◆ INSTRUCTIONS FOR THE TASK
Each record below needs to be reproduced precisely, though not its pictures.

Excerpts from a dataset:
+++

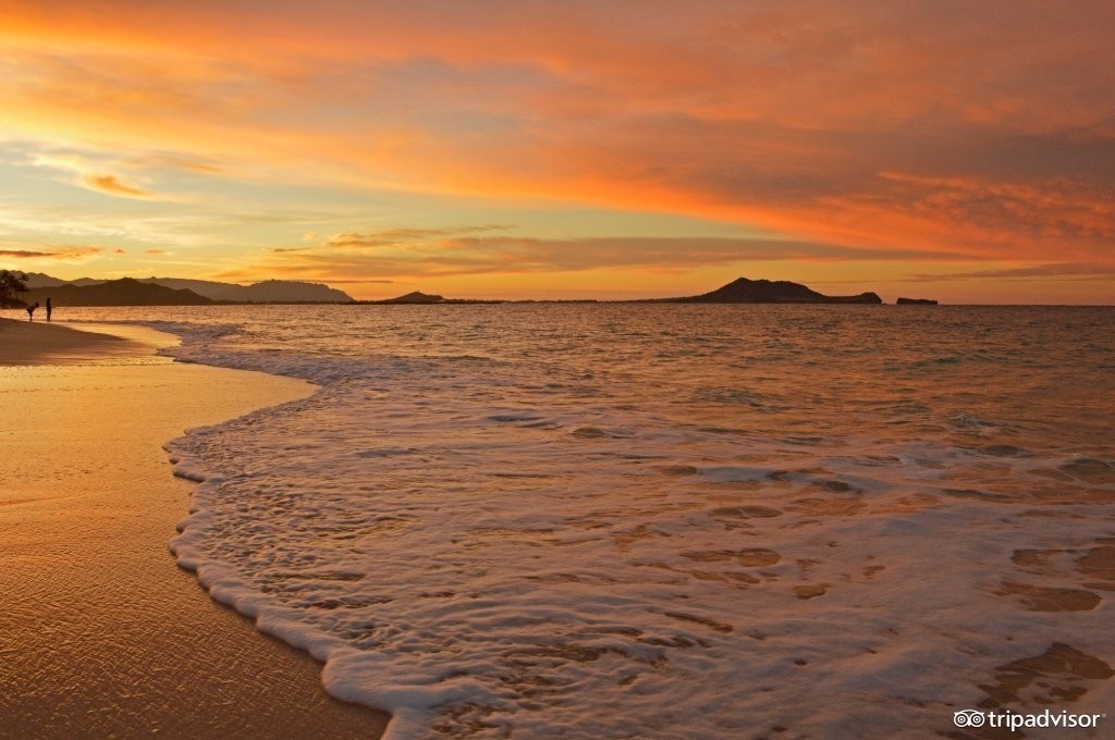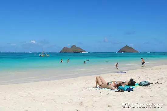 位于凯卢阿镇(Kailua)的拉尼凯海滩(Lanikai Beach)被誉为全球最佳海滩之一,闪烁的沙粒、白色的沙滩、繁茂的热带树木和一年四季璀璨的阳光使得这里成为夏威夷一道旖旎的风景。因为受到珊瑚礁保护的缘故这里的海浪相对平稳,深绿色的静谧海水最适合做明信片上的风景。
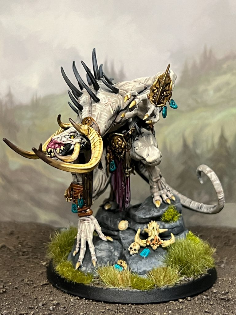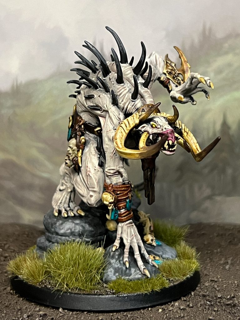 SRM: Think like a Chaos spawn that's also a tribal totem; it's neat!) but was given the opportunity to build and paint it which I snatched up real quick. I might move it across to a square base though in future for an Ogre Kingdom army as a Gorger. Maybe that's why I painted it pale skinned? Or maybe I only think it'd work as a gorger
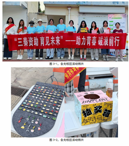 本年度527日、612日,学工部分别在鄠邑校区和含光校区开展三秦资助,育见未来学生资助政策宣传活动。活动以普及资助政策为核心,助力学生深入了解国家及学校奖助体系,打破信息壁垒,确保政策惠及每一位有需要的学生。以此为起点,学校及各二级学院围绕思政引领”、“学业指导”、“心理赋能”、“素质提升等主题,开展系列资助教育活动,助力家庭经济困难学生全面发展。
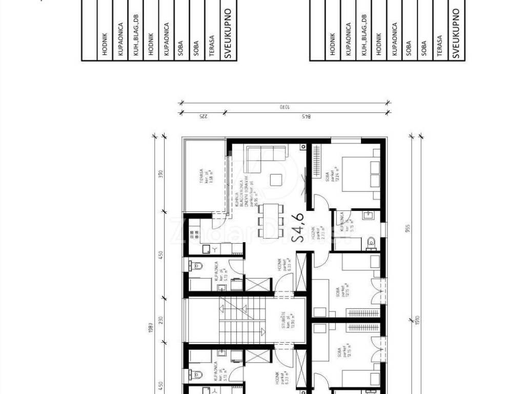 Im ersten Stock befinden sich zwei identisch geschnittene Zweizimmerwohnungen (S3 und S4) mit einer Gesamtwohnfläche von 82,57 m² bzw. 78,26 m².
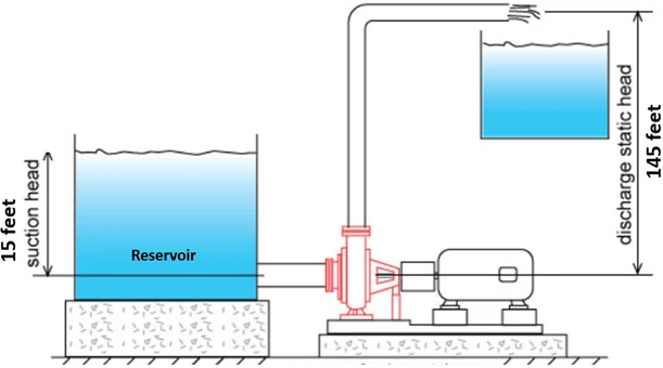 Figure 1. The pump installation showing the water reservoir feeding the pump inlet with a 15 feet total suction head, and the discharge tank that is at a height of 145 feet above the pump.

+++

◆ SOLUTION TO THIS PROBLEM
 位于凯卢阿镇(Kailua)的拉尼凯海滩(Lanikai Beach)被誉为全球最佳海滩之一,闪烁的沙粒、白色的沙滩、繁茂的热带树木和一年四季璀璨的阳光使得这里成为夏威夷一道旖旎的风景。因为受到珊瑚礁保护的缘故这里的海浪相对平稳,深绿色的静谧海水最适合做明信片上的风景。
 SRM: Think like a Chaos spawn that's also a tribal totem; it's neat!) but was given the opportunity to build and paint it which I snatched up real quick. I might move it across to a square base though in future for an Ogre Kingdom army as a Gorger. Maybe that's why I painted it pale skinned? Or maybe I only think it'd work as a gorger
 本年度527日、612日,学工部分别在鄠邑校区和含光校区开展三秦资助,育见未来学生资助政策宣传活动。活动以普及资助政策为核心,助力学生深入了解国家及学校奖助体系,打破信息壁垒,确保政策惠及每一位有需要的学生。以此为起点,学校及各二级学院围绕思政引领”、“学业指导”、“心理赋能”、“素质提升等主题,开展系列资助教育活动,助力家庭经济困难学生全面发展。
 Im ersten Stock befinden sich zwei identisch geschnittene Zweizimmerwohnungen (S3 und S4) mit einer Gesamtwohnfläche von 82,57 m² bzw. 78,26 m².
 Figure 1. The pump installation showing the water reservoir feeding the pump inlet with a 15 feet total suction head, and the discharge tank that is at a height of 145 feet above the pump.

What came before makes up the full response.